• [REQUIRED WORK]:
Return nothing but the lines from the one with "The Guardian reports" through the one with "This armchair offers" in the data below, word for word and without pictures.

──────── RECORD SET

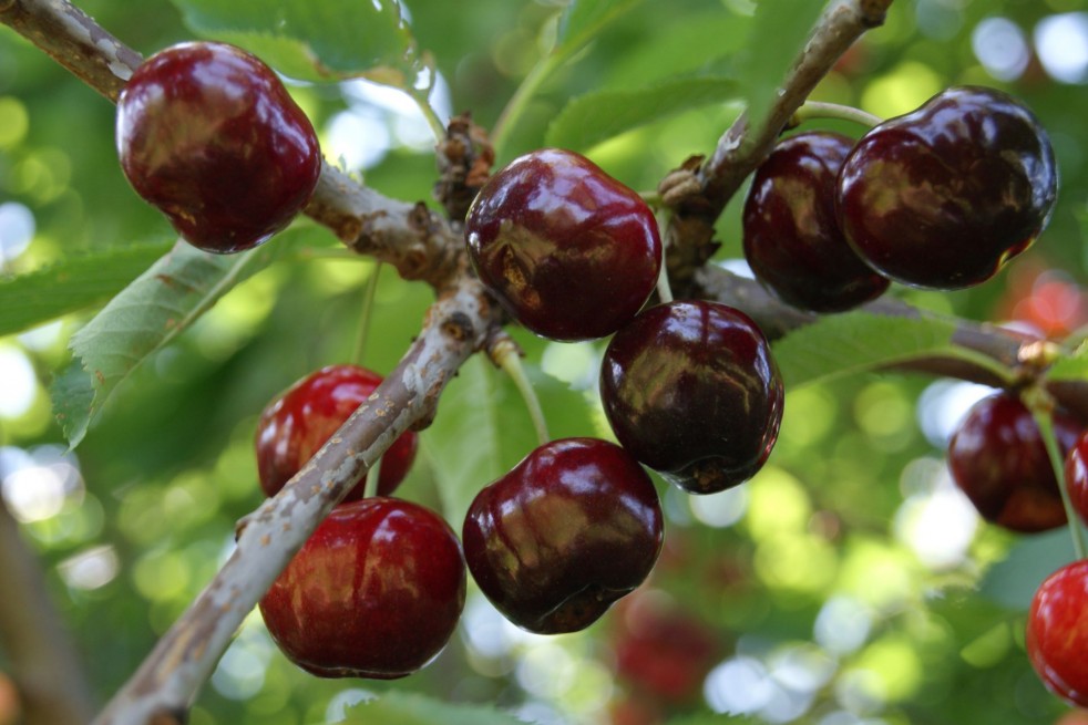 - Fruit : grosses cerises rouges brillantes, juteuses, sucrées et acidulées
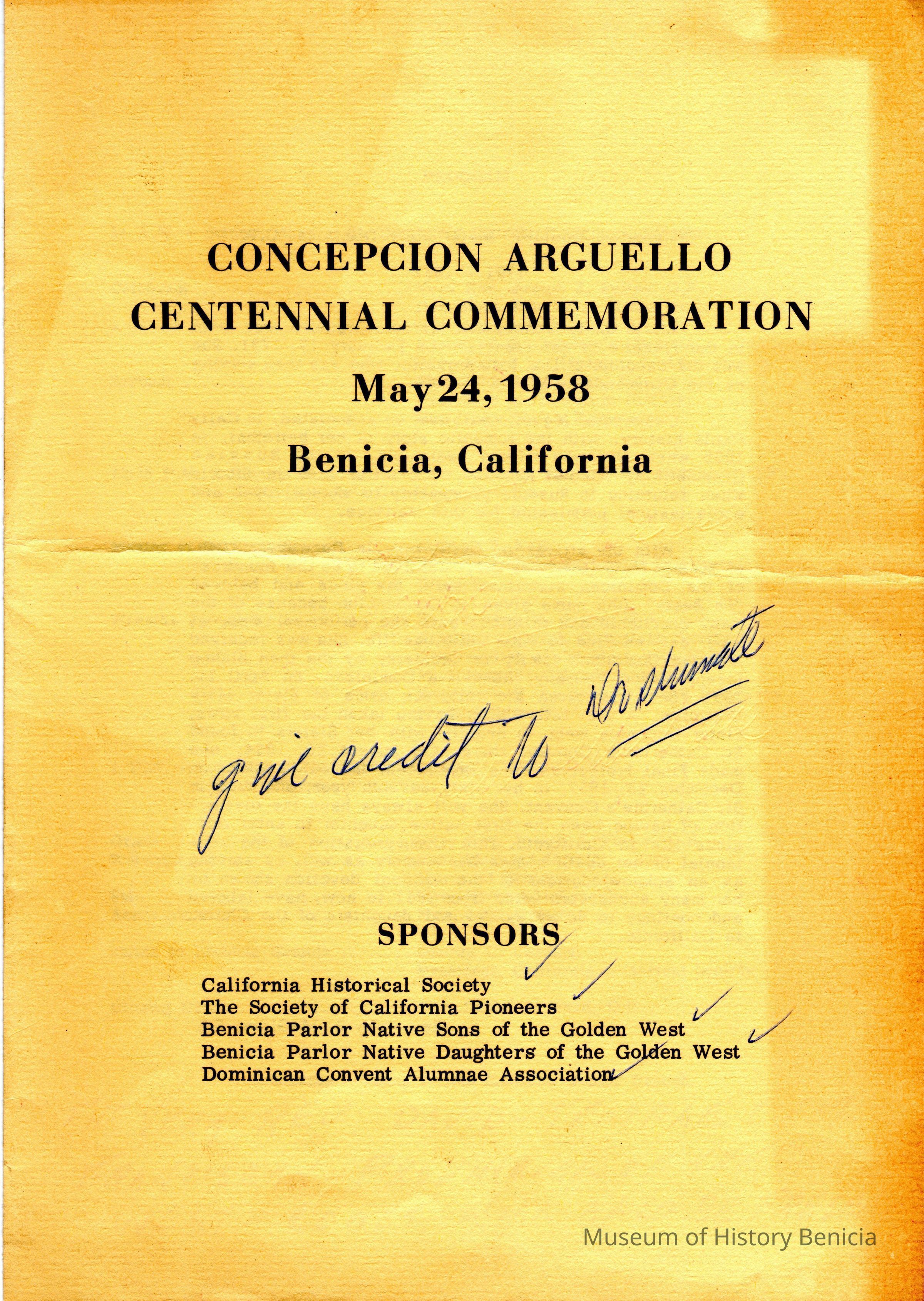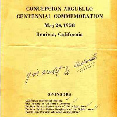 Booklett on Concepcion Arguello Centenial Commemoration 05/24/1958. One copy was used by Jack O'Grady to make his speech (see handwritten notes to himself) and one copy is a clean copy.Collection
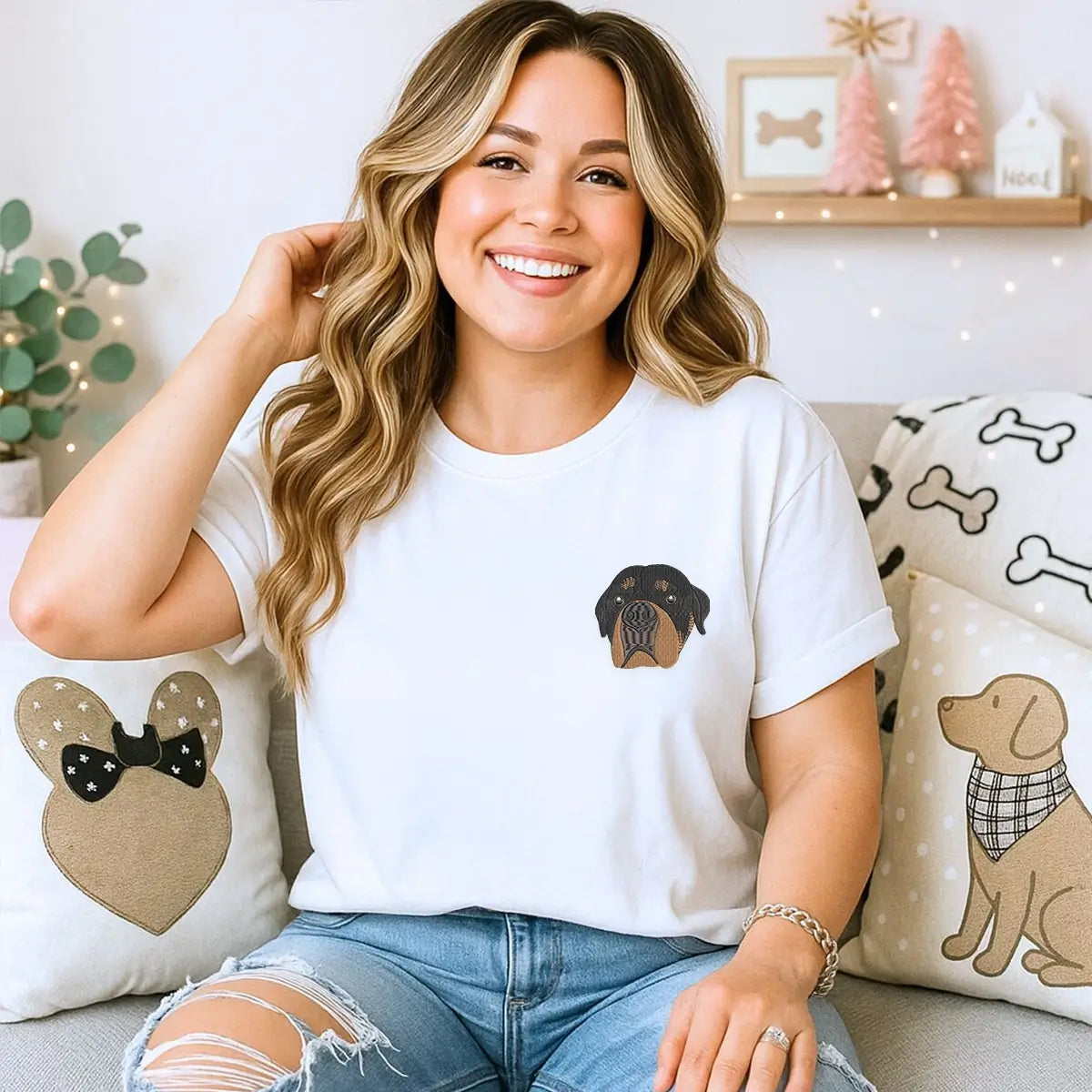 Celebrate your love for your Rottweiler with this custom embroidered Rottweiler Mom shirt. This one-of-a-kind shirt features a hand-stitched portrait of your dog's photo and your pet’s name beautifully embroidered on the sleeve — making it a heartfelt keepsake or the perfect gift for any dog mom.
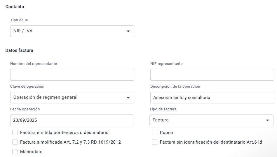 La experiencia ha sido un poco a trompicones. Generar facturas en Holded es muy sencillo, si bien al optar por Verifactu tienes que rellenar algunos campos extra. Concretamente estos de aquí:
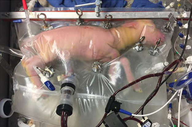The Guardian reports (4-25-17), “Neil Marlow, professor of neonatal medicine at University College London, said that the latest study would be viewed as a significant step towards this goal. “This is real tomorrow’s world stuff,” he said. “They appear to have got lambs through four weeks which is a pretty momentous achievement.”
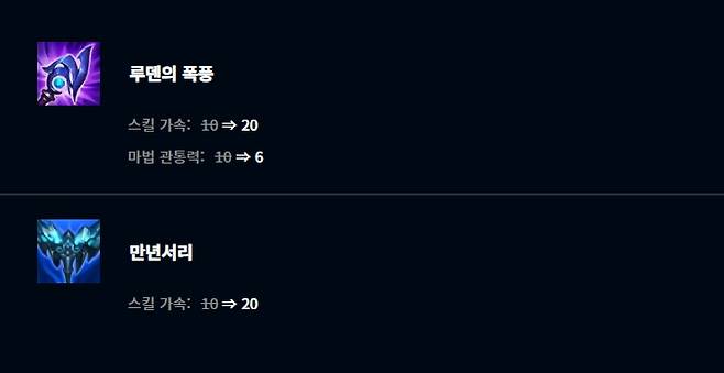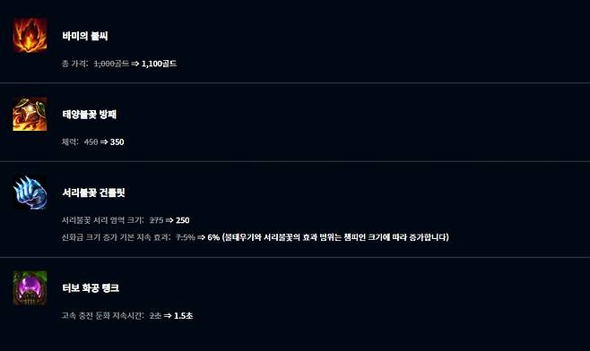 탱커 챔피언들과 높은 시너지를 보이고 있는 태양불꽃 방패는 체력이 350으로 낮아졌고 하위 아이템인 바미의 불씨의 총 가격이 1,100골드로 증가했다. 서리불꽃 건틀렛은 서리 영역 크기가 250으로 줄고 신화급 크기 증가 기본 지속 효과가 6%로 감소했다. 터보 화공 탱크는 고속 충전 둔화 지속시간이 1.5초로 줄어들었다.
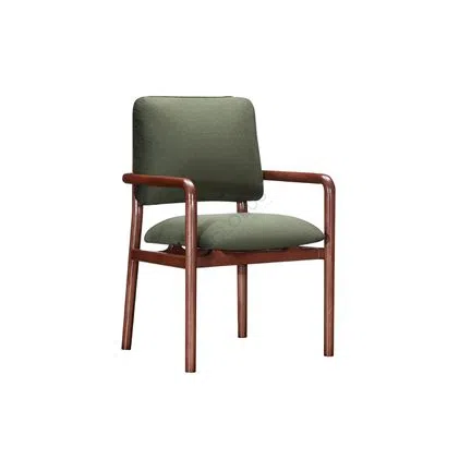 This armchair offers a clean, modern aesthetic with a focus on understated elegance. Its structure features a refined frame crafted from solid wood, presenting smooth lines and a warm, inviting tone.
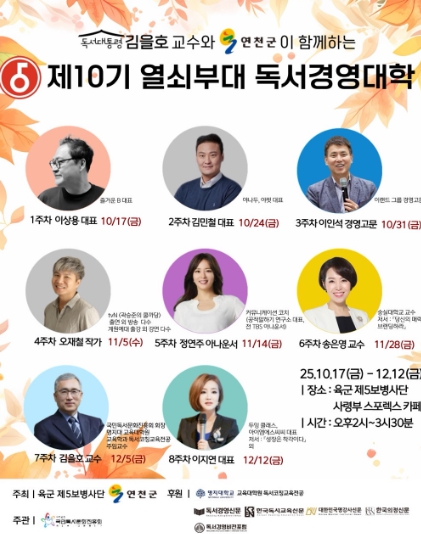 [뉴스앤톡] 연천군과 육군 제5보병사단은 장병들의 지적 성장과 건전한 병영 독서문화 확산을 위한 '열쇠부대 독서경영대학' 제10기 개강식을 오는 10월 17일 개최한다. 이 프로그램은 2023년부터 전국 최초로 민·관·군 협력 독서교육으로 시작됐으며, 매 기수 약 50여 명의 군장병이 수료하며 꾸준한 호응을 얻고 있다.
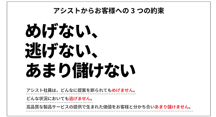 この好調を支えるのが、アシスト全社員が貫く「めげない」「逃げない」「あまり儲けない」という姿勢だ。
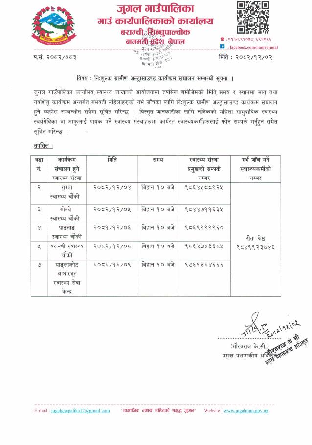नि:शुल्क ग्रामिण अल्ट्रासाउण्ड कार्यक्रम सञ्चालन सम्बन्धी सूचना!
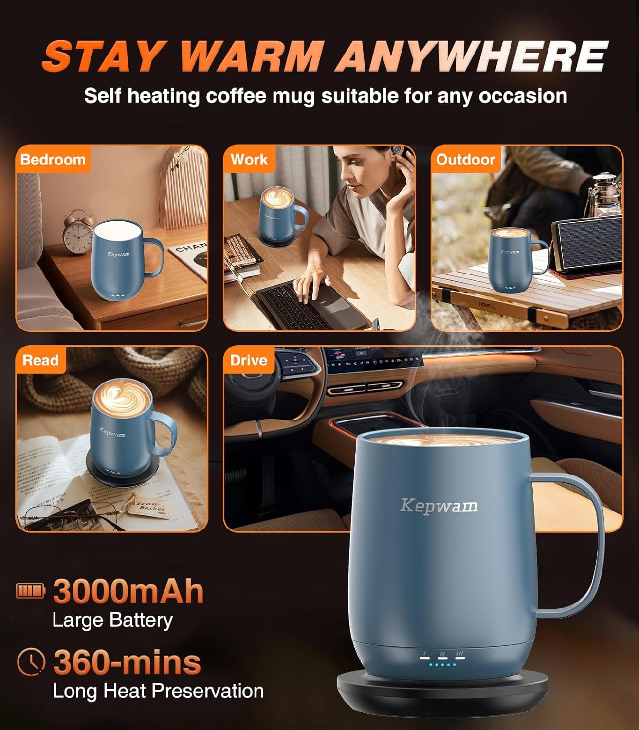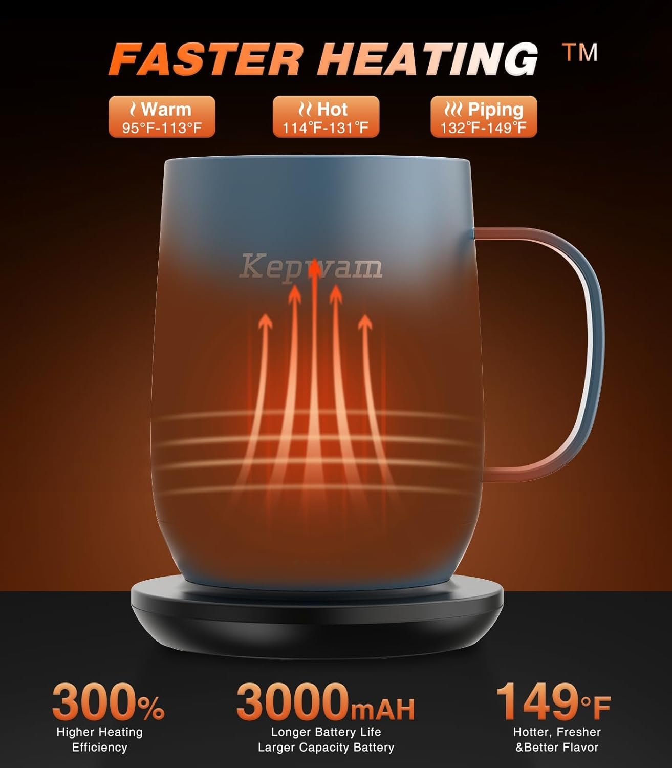 • Temperature Control Mug: Chooses from three settings: warm (113°F), hot (131°F), or piping (149°F). Wherever you are, Kepwam keeps your hot coffee, tea, or preferred beverage at the perfect temperature for hours or all day. The included sliding lid keeps your drinks hotter longer while preventing spills

────────────────

• [WORKED SOLUTION]:
The Guardian reports (4-25-17), “Neil Marlow, professor of neonatal medicine at University College London, said that the latest study would be viewed as a significant step towards this goal. “This is real tomorrow’s world stuff,” he said. “They appear to have got lambs through four weeks which is a pretty momentous achievement.”
 탱커 챔피언들과 높은 시너지를 보이고 있는 태양불꽃 방패는 체력이 350으로 낮아졌고 하위 아이템인 바미의 불씨의 총 가격이 1,100골드로 증가했다. 서리불꽃 건틀렛은 서리 영역 크기가 250으로 줄고 신화급 크기 증가 기본 지속 효과가 6%로 감소했다. 터보 화공 탱크는 고속 충전 둔화 지속시간이 1.5초로 줄어들었다.
 This armchair offers a clean, modern aesthetic with a focus on understated elegance. Its structure features a refined frame crafted from solid wood, presenting smooth lines and a warm, inviting tone.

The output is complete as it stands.